S3 provides developers and IT teams with secure, durable, highly-scalable object storage. Amazon S3 is easy to use with a simple web services interface to store and retrieve any amount of data from anywhere on the web.
- S3 is a safe place to store your files.
- It is Object-based storage.
- The data is spread across multiple devices and facilities. (highly available)
Basics
- S3 is Object-based - allows you to upload files.
- Files can be from 0 Bytes to 5 TB.
- There is unlimited storage.
- Files are stored in buckets (similar to a folder)

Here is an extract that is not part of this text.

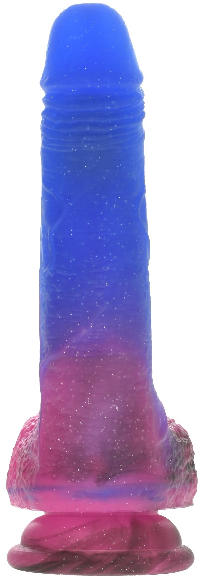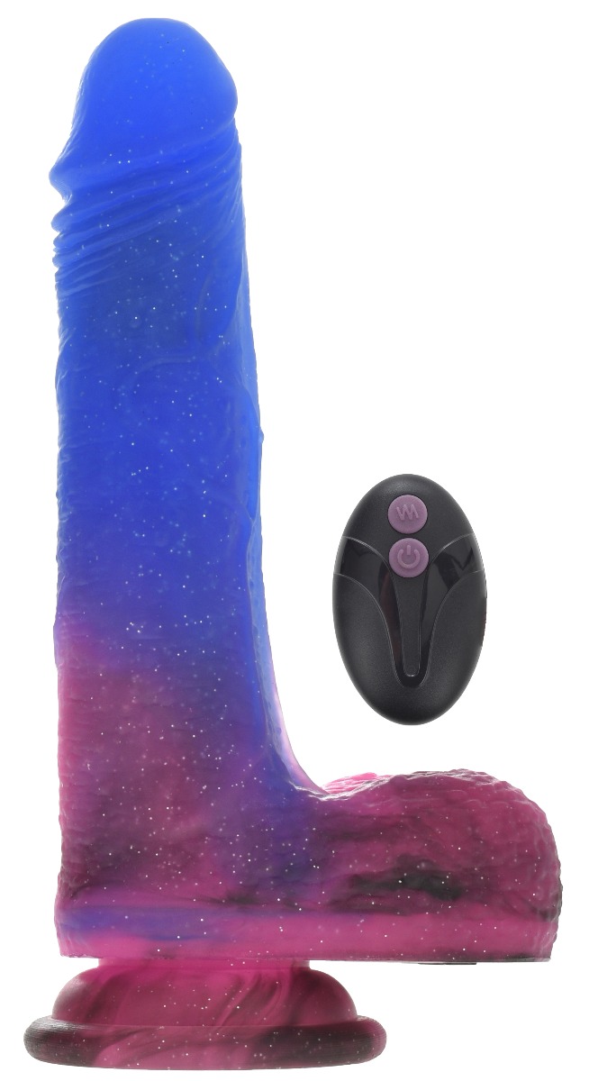 Traieste alaturi de noul vibrator Galaxy o experienta aproape de stele, intr-o alta…galaxie! Structura realista, cu gland definit, vene proeminente si testicule texturate, este intrecuta doar de paleta cromatica deosebita. In plus, sclipiciul imprastiat pe toata suprafata sa te trimite cu gandul la un foc de artificii. Exact cum te vei simti si tu la finalul experientei cu acest dildo: divin! Materialul din care este fabricat este silicon lichid, un material premium, cu calitati superioare celorlalte materiale existente pe piata. Moale la suprafata pentru o senzatie de penis adevarat, ferm la interior pentru penetrari puternice. Telecomanda wireless cu care este prevazut vibratorul controleaza cele 7 moduri de vibratii si 7 moduri de rotatii. Aceste doua setari functioneaza doar impreuna pentru orgasme atat de intense. In plus, daca vrei sa revii la modul de inceput, apasa butonul ON/OFF si le va relua de la capat. Ventuza de la baza se fixeaza pe orice suprafata plana si neteda pentru un joc fara maini intens. Materialul desoebit, pe langa faptul ca preia rapid temperatura corpului si o pastreaza pentru experiente placute si confortabile, este compatibil doar cu lubrifiantii pe baza de apa. Vibratorul este rezistent la apa, astfel ca il poti lua cu tine in siguranta in cada sau la dus pentru senzatii subacvatice uimitoare. Atentie! Telecomanda nu este impermeabila! Incarcarea se face cu USB-ul inclus timp de 90 de minute pentru 60-90 de minute de joaca in functie de setarile folosite. Telecomanda functioneaza cu 1 baterie inclusa.

- S3 is a universal namespace. That is, names must be unique globally.
- Example: https://s3-eu-west-1.amazonaws.com/acloudguru
- When you upload a file to S3, you will receive a HTTP 200 code if upload was successful.
Data Consistency Model for S3
- Read after Write consistency for PUTS of new Objects (once object added to S3, the file is available to read)
- Eventual Consistent to overwrite PUTs and DELETEs (can take some time to propagate)
S3 is a Simple Key-Value Store * S3 is Object based. Objects consist of the following: * Key (This is simply the name of the Object) * Value (This is simply the data, which is made up of a sequence of bytes). * Version ID (important for versioning) * Metadata (Data about data you are storing) * Subresources - bucket-specific configuration: * Bucket Policies, Access Control Lists * Cross Origin Resource Sharing (CORS) * Transfer Acceleration
S3 - The Basics
- Built for 99.99% availability for the S3 platform.
- Amazon Guarantee 99.9% availability
- Amazon guarantees 99.999999999% (11x9s) durability for S3 information.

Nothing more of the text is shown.